Though the go-to method of supporting trousers these days is the belt, English suits weren’t traditionally worn with belts. The Duke of Windsor famously went to an American tailor to have his suit trousers with belt loops made because his London tailored refused to at the time when the English were mostly wearing trousers supported with braces (suspenders).
There are many reasons not to wear a belt with a suit:
- A belt breaks the visual flow from the coat to the trousers, especially on a lighter-coloured suit. A suit should be a unified garment.
- A belt buckle disrupts the line of a closely fitted suit coat.
- A belt buckle creates a lump under a waistcoat on a three-piece suit.
- Trousers will sag during the day with a belt and need to be pulled up.
Only braces can truly solve problem 4 by suspending the trousers at a consistent height relative to the shoulders, but the other three problems can be solved with side adjusters. Side adjusters will still help for problem 4 because they don’t weigh down the trousers like a belt does. By the 1950s it was common for English tailors to make trousers with an adjustable waistband system to take the place of braces, and there are a number of different types of waistband adjusters.
Sean Connery’s Anthony Sinclair suits all featured “DAKS tops,” originally made by Simpson’s of Piccadilly.
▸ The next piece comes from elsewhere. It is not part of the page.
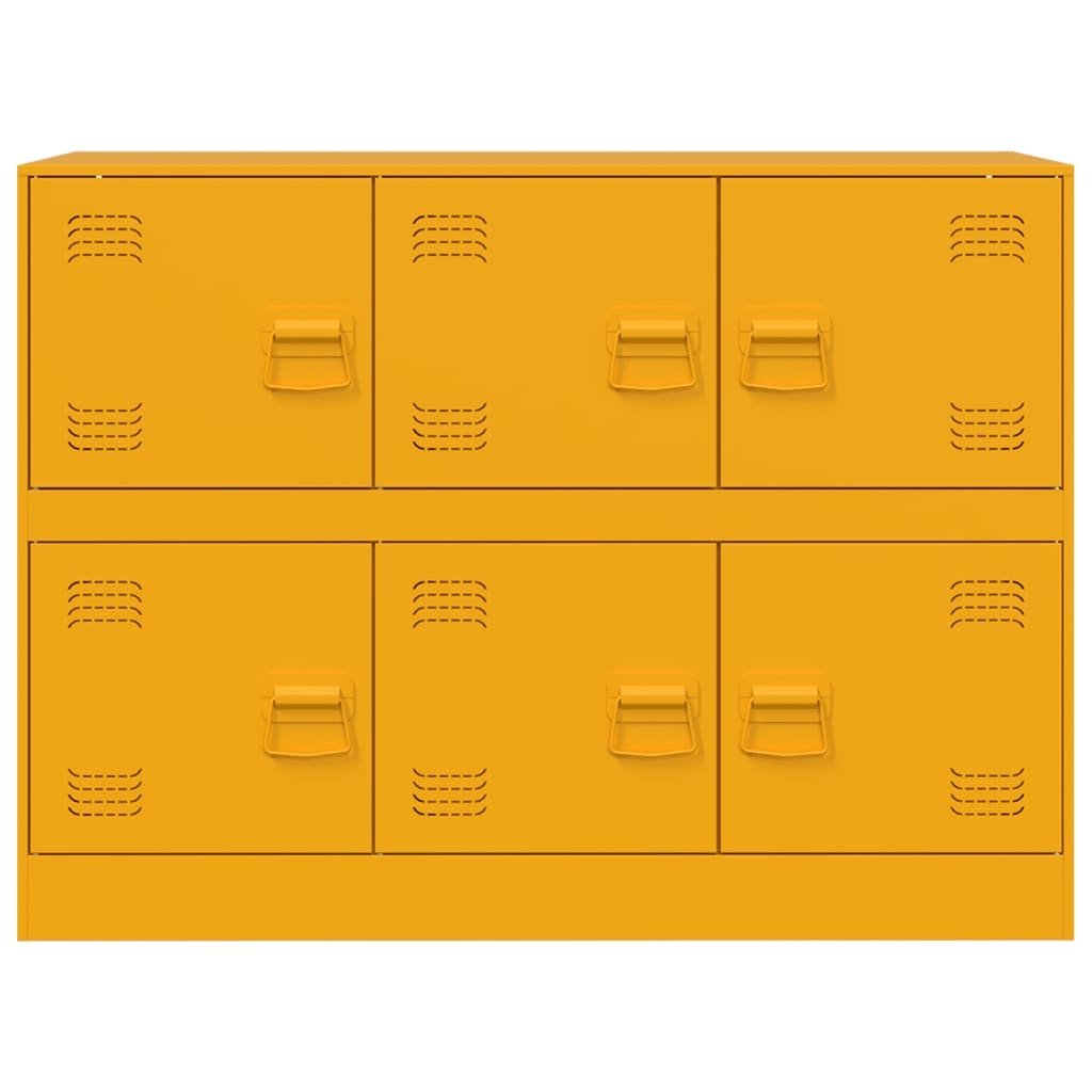 Dieses robuste Sideboard wird mit seinem trendigen und dennoch praktischen Design sicherlich der Mittelpunkt Ihres Wohnzimmers werden. Stabiles Material: Der Rahmen des Sideboards besteht aus kaltgewalztem Stahl. Kaltgewalzter Stahl ist eine Art kohlenstoffarmer Stahl, der im „Kaltwalzverfahren“ hergestellt und bei nahezu normalen Raumtemperaturen verarbeitet wird. Kaltgewalzter Stahl besitzt eine glattere Oberfläche, eine höhere Festigkeit und lässt sich präziser verarbeiten. Reichlich Stauraum: Dieser Schrank bietet praktischen Stauraum für Zeitschriften, Bücher, Bürobedarf, Dokumente und andere Gegenstände, die hier gut geordnet und in Reichweite aufbewahrt werden können.Pflegeleicht: Der Tisch lässt sich mit einem feuchten Tuch leicht reinigen und erfordert wenig Pflege.Praktischer Griff: Das Sideboard ist mit 6 Griffen ausgestattet, die das Öffnen und Schließen des Schranks erleichtern und gleichzeitig zu seiner ansprechenden Optik beitragen. Achtung:Um ein Umkippen zu verhindern, muss dieses Produkt mit einer Wandhalterung (nicht im Lieferumfang enthalten) gesichert werden.
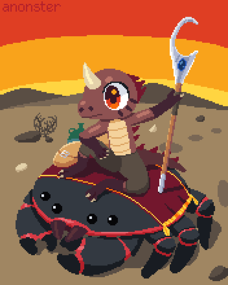 I've had this idea for a while. This is a symbiotic pair of species that live on a desert planet. The Krii sits atop the Robi and they share a common language.

The name is a portmanteau of “Dad” and “slacks.” The style has buttoning tabs on the sides, connected with hidden elastic across the back. One drawback to this is that the adjusters can only be tightened to where the buttons are placed, though the elastic helps for a snug fit. There are usually two or three buttons—often of mother of pearl—on each side, and Connery used one of the buttons on the left to secure his shoulder holster. Roger Moore also wore this style on his Cyril Castle suit trousers in Live and Let Die.
Daniel Craig introduced another classic trouser adjuster style to the Bond series with his Tom Ford suits in Quantum of Solace. The Tom Ford side adjusters are two strips of cloth brought together with a slide buckle, though a more casual variation can be found that uses D-rings. As opposed to button-tabs, this style allows for an exact adjustment.
Other styles of side adjusters exist, such as a waistband that expands and contracts with a locking zip fastener. There are also adjusters that look like DAKS tops but don’t have elastic across the back, and thus they do not function as well.